**Directions:** From the first line to the last, copy the material word for word; pictures stay out.

**Information supplied:**
[Start of Attachment]

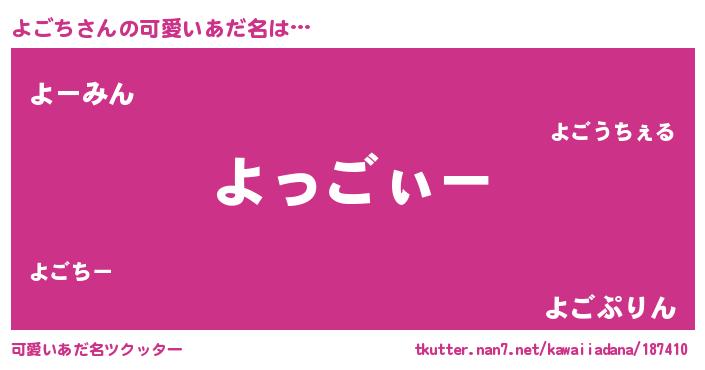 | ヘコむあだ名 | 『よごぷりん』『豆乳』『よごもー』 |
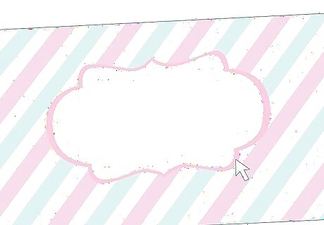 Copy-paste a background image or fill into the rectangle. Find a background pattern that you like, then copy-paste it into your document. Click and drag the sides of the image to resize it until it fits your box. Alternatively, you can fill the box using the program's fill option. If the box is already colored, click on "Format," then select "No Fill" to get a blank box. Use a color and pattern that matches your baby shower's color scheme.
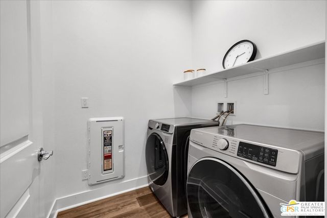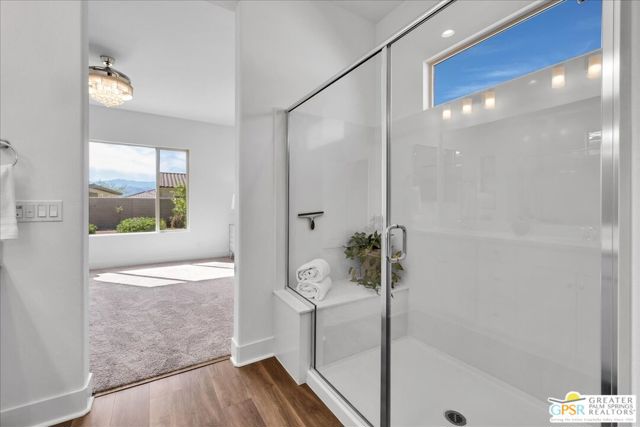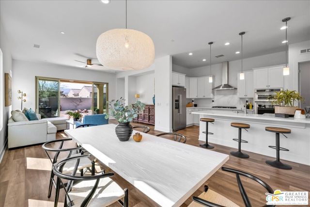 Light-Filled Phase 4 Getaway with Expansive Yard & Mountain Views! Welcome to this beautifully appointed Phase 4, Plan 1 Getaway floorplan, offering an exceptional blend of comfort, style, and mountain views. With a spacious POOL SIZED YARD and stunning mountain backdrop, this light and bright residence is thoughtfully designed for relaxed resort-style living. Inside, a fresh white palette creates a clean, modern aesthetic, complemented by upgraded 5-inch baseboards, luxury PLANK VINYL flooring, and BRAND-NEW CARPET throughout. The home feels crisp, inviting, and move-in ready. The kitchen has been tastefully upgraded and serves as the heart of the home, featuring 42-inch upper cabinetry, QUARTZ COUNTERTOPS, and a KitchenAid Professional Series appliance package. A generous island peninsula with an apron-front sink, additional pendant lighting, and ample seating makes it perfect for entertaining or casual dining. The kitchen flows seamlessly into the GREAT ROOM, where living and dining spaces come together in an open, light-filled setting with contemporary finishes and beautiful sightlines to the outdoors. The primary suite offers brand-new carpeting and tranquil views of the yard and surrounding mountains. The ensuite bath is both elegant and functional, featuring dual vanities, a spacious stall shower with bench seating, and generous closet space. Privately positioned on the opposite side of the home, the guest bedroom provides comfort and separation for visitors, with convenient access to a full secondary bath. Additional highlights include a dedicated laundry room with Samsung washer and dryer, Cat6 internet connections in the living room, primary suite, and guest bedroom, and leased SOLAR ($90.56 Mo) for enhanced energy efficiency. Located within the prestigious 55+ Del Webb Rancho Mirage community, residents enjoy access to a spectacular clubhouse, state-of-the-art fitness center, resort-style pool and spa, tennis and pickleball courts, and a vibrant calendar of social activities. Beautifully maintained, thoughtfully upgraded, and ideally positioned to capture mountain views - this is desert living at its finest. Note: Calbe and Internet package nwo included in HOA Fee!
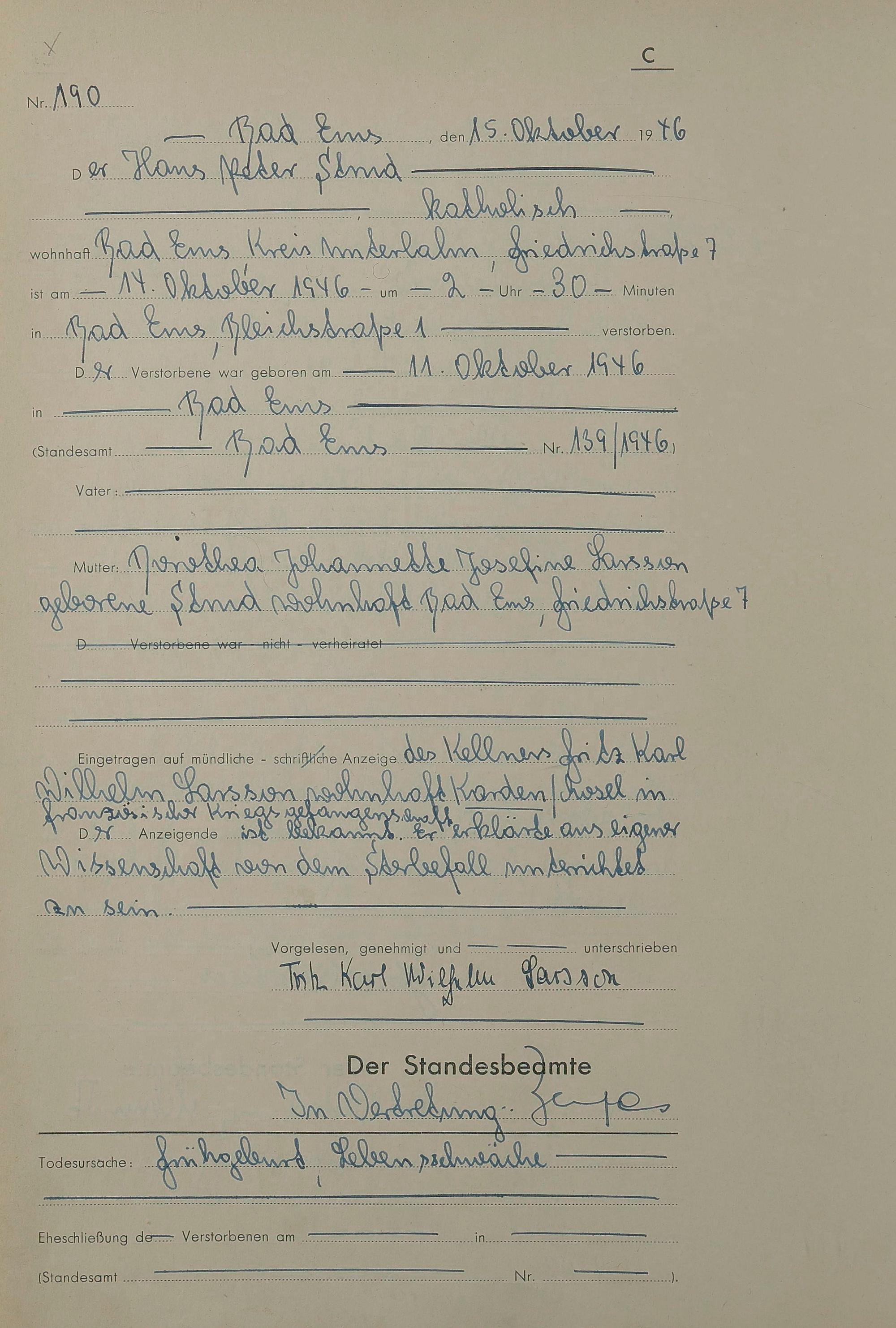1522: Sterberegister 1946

[End of Attachment]

**Your solution:**
 | ヘコむあだ名 | 『よごぷりん』『豆乳』『よごもー』 |
 Copy-paste a background image or fill into the rectangle. Find a background pattern that you like, then copy-paste it into your document. Click and drag the sides of the image to resize it until it fits your box. Alternatively, you can fill the box using the program's fill option. If the box is already colored, click on "Format," then select "No Fill" to get a blank box. Use a color and pattern that matches your baby shower's color scheme.
 Light-Filled Phase 4 Getaway with Expansive Yard & Mountain Views! Welcome to this beautifully appointed Phase 4, Plan 1 Getaway floorplan, offering an exceptional blend of comfort, style, and mountain views. With a spacious POOL SIZED YARD and stunning mountain backdrop, this light and bright residence is thoughtfully designed for relaxed resort-style living. Inside, a fresh white palette creates a clean, modern aesthetic, complemented by upgraded 5-inch baseboards, luxury PLANK VINYL flooring, and BRAND-NEW CARPET throughout. The home feels crisp, inviting, and move-in ready. The kitchen has been tastefully upgraded and serves as the heart of the home, featuring 42-inch upper cabinetry, QUARTZ COUNTERTOPS, and a KitchenAid Professional Series appliance package. A generous island peninsula with an apron-front sink, additional pendant lighting, and ample seating makes it perfect for entertaining or casual dining. The kitchen flows seamlessly into the GREAT ROOM, where living and dining spaces come together in an open, light-filled setting with contemporary finishes and beautiful sightlines to the outdoors. The primary suite offers brand-new carpeting and tranquil views of the yard and surrounding mountains. The ensuite bath is both elegant and functional, featuring dual vanities, a spacious stall shower with bench seating, and generous closet space. Privately positioned on the opposite side of the home, the guest bedroom provides comfort and separation for visitors, with convenient access to a full secondary bath. Additional highlights include a dedicated laundry room with Samsung washer and dryer, Cat6 internet connections in the living room, primary suite, and guest bedroom, and leased SOLAR ($90.56 Mo) for enhanced energy efficiency. Located within the prestigious 55+ Del Webb Rancho Mirage community, residents enjoy access to a spectacular clubhouse, state-of-the-art fitness center, resort-style pool and spa, tennis and pickleball courts, and a vibrant calendar of social activities. Beautifully maintained, thoughtfully upgraded, and ideally positioned to capture mountain views - this is desert living at its finest. Note: Calbe and Internet package nwo included in HOA Fee!
1522: Sterberegister 1946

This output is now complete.